* TASK PROMPT
When you reproduce the data, keep every word exactly as it stands and leave the pictures out.

* DATASET EXTRACT
--------

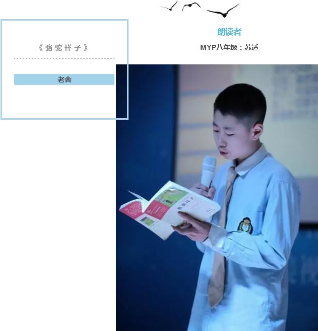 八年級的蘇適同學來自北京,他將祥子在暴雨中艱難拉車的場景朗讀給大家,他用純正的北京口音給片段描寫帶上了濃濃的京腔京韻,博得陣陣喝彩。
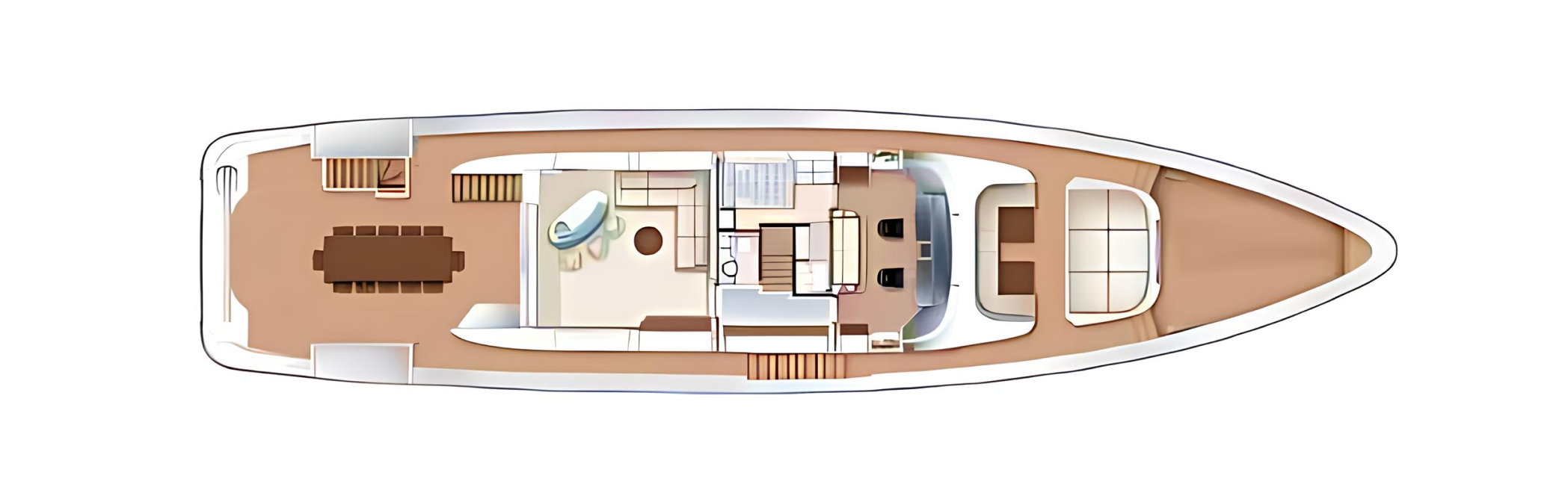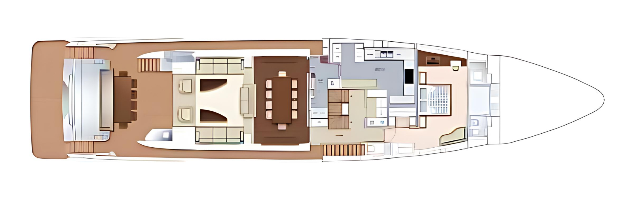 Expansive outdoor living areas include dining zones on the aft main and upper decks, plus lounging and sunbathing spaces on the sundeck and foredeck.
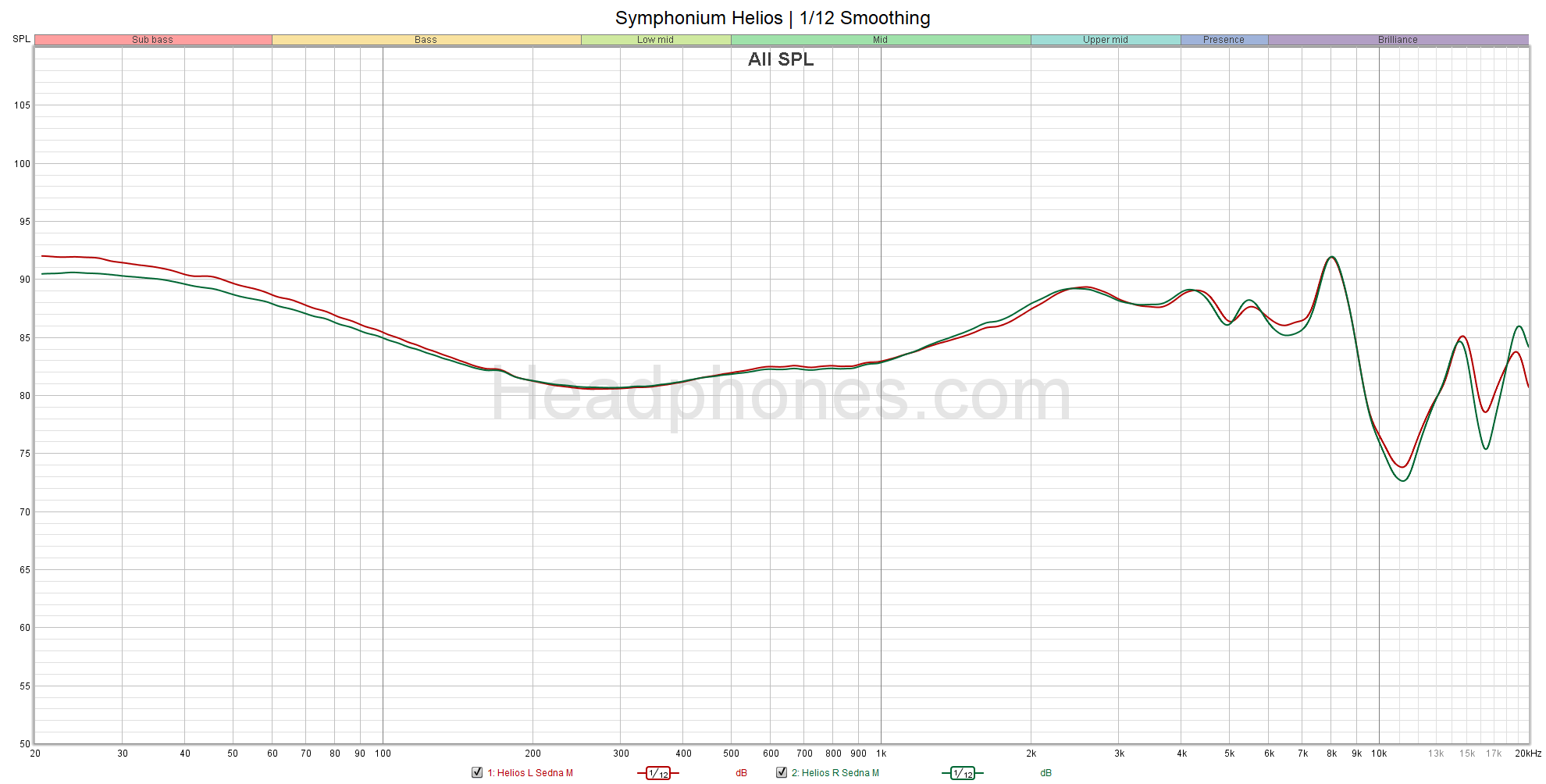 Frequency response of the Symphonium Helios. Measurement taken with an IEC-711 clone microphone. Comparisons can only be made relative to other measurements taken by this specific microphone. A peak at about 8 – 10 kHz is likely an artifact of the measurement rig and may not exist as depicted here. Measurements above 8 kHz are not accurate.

--------

* TASK ANSWER
 八年級的蘇適同學來自北京,他將祥子在暴雨中艱難拉車的場景朗讀給大家,他用純正的北京口音給片段描寫帶上了濃濃的京腔京韻,博得陣陣喝彩。
 Expansive outdoor living areas include dining zones on the aft main and upper decks, plus lounging and sunbathing spaces on the sundeck and foredeck.
 Frequency response of the Symphonium Helios. Measurement taken with an IEC-711 clone microphone. Comparisons can only be made relative to other measurements taken by this specific microphone. A peak at about 8 – 10 kHz is likely an artifact of the measurement rig and may not exist as depicted here. Measurements above 8 kHz are not accurate.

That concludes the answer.